The main reason that we opted to use this was that otherwise we’d create another Ethernet-specific stat and it’d just be mostly another copy of this existing stat, but with additional values. That didn’t seem to aid anyone. In addition, because we are using a plugin-specific set of definitions, we want to have the stat scoped to the plugin. This also means that if we say add an IB specific version of this, then it’d separately be IB_STAT_XCVR_INUSE and accept different values.

2.3. Transceiver Capability

Originally we proposed adding an extension to the MAC transceiver capability. However, as we dug into the implementation, it become less desirable at this time and we have moved it to future work. In particular, most implementations of MAC_CAPAB_TRANSCEIVER are specific to the presence of extrenal SFP-style PHYs. As such, plumbing this through in a subset of circumstnaces isn’t particularly useful. Our prototype of adding this to the topo datalink property groups worked just fine wih the link property.

3. Implementation Plan

To implement this, we will do an initial integration of the mac features along with a few drivers. Additional drivers will be integrated in subsequent changes in part based on needs and testing capabilities.

4. Future Directions

If we want to build on this IPD, here are the high-level ways we expect to follow in the future, but are not at the level of a concrete proposal.

We ultimately want to be able to introduce something more akin to a dladm show-phy or dladm show-transceiver which would take the information proposed here, the information from the transceiver capability, and make it a first class dladm-level experience. If we go down this path then we’ll also want to add an additional property to the transceiver mct_info(9E) entry point that indicates whether the transceiver is built-in or not. If we do this, we should consider what the implementation for drivers without external SFP-style PHYs looks like as most do not implement MAC_CAPAB_TRANSCIEVER otherwise.
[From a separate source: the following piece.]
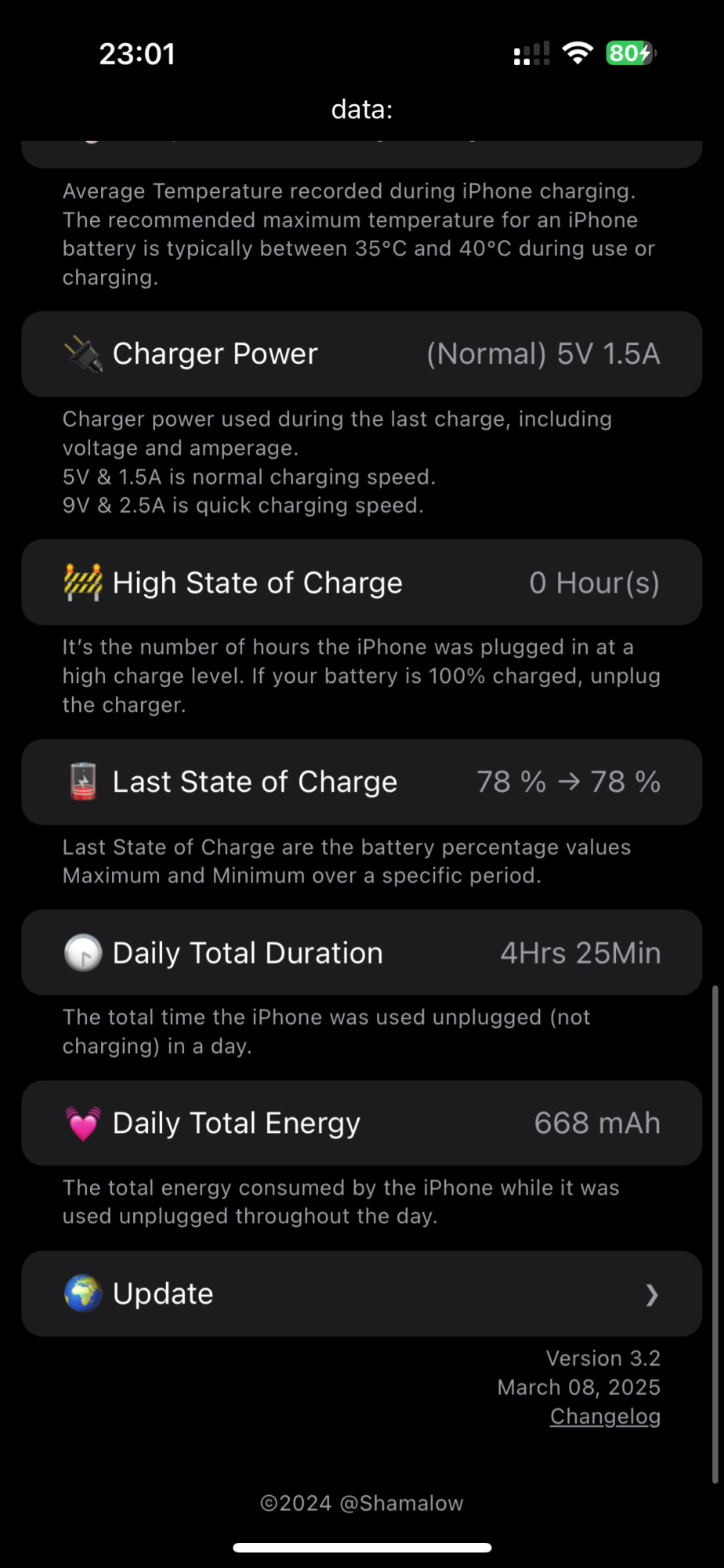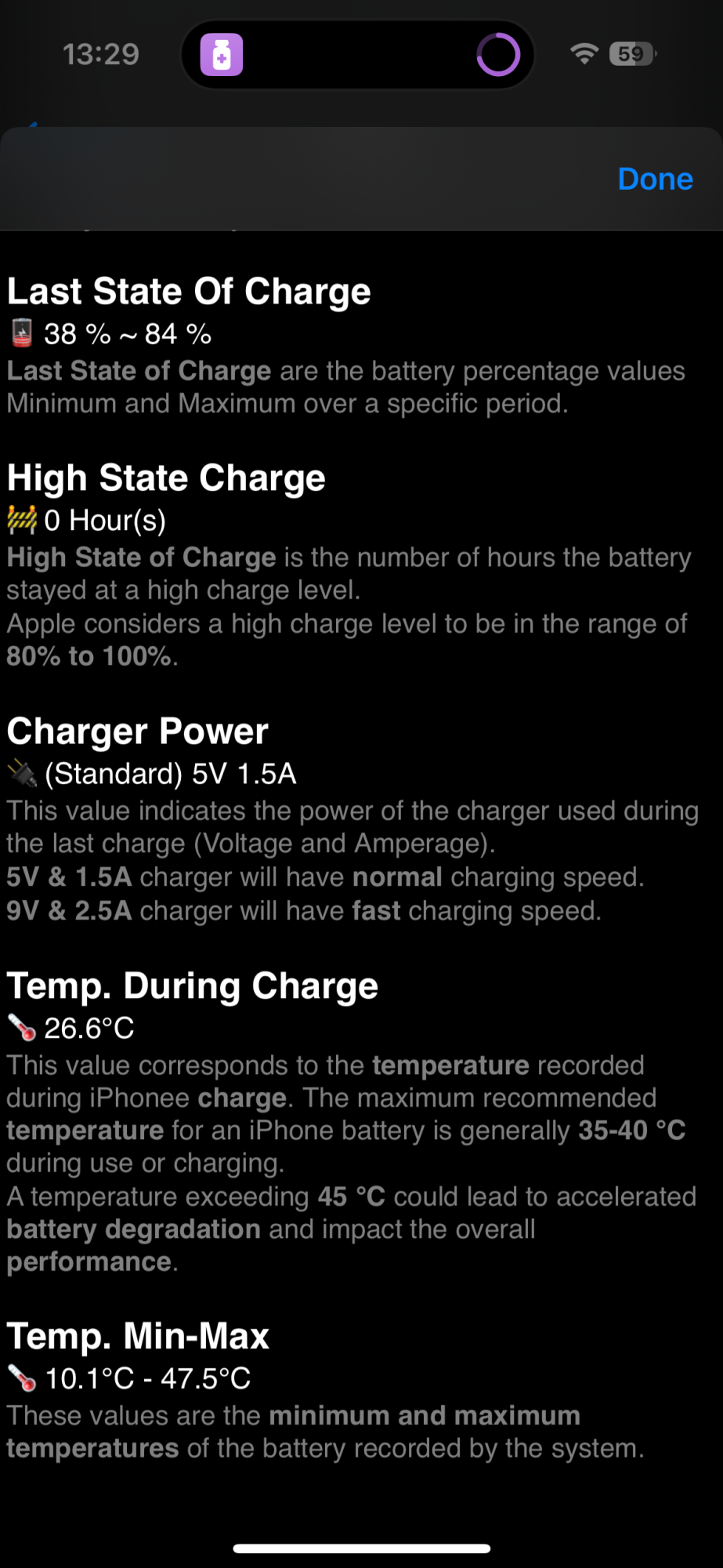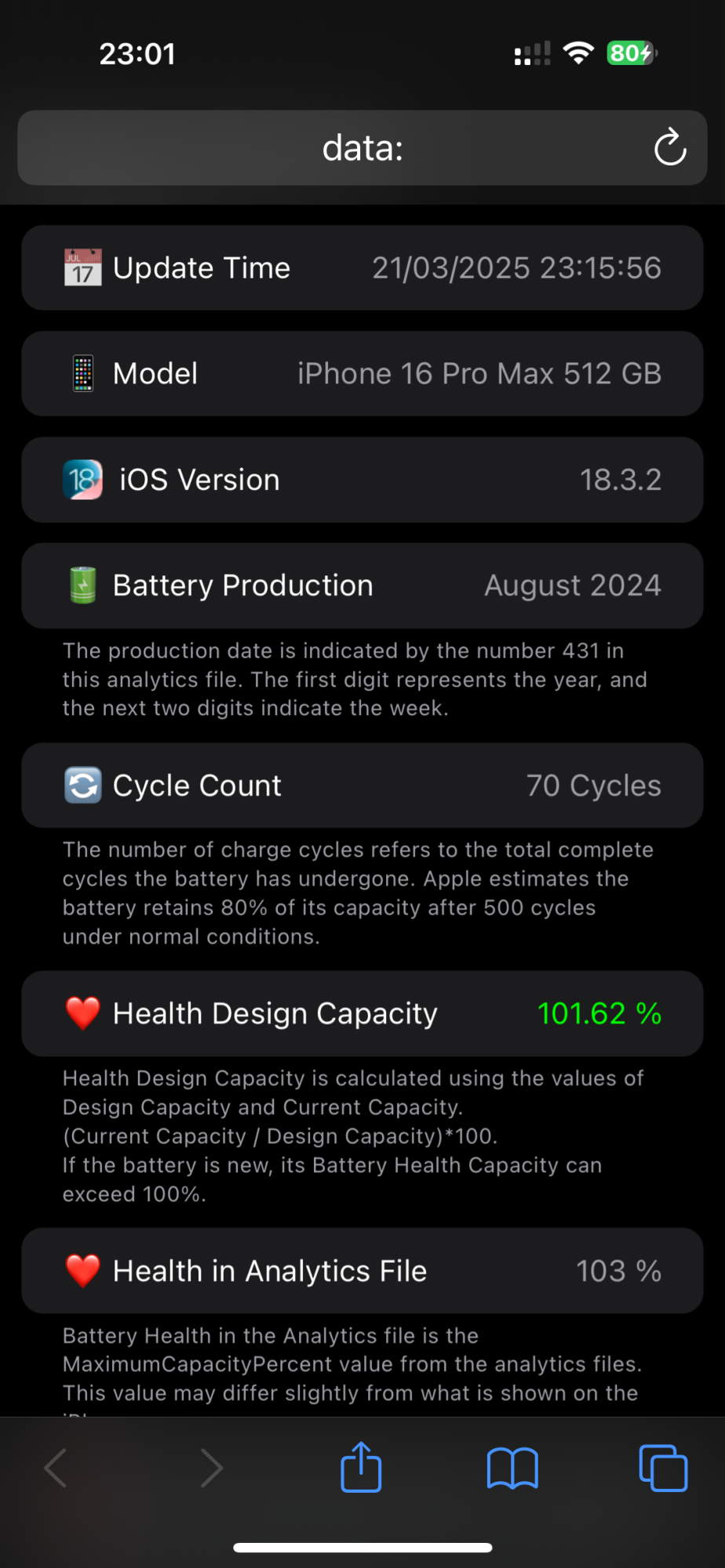 I share my shortcut that displays battery informations from analytics files.

A different direction that we should consider is potentially introducing an array of supported media. This isn’t a priority here because the link properties that we already have cover most of what someone needs to know and in general there aren’t many times where someone is switching between different medias as the same speed today. We’re going to let demand help motivate this being added, which unlike the one above is something that is less obvious.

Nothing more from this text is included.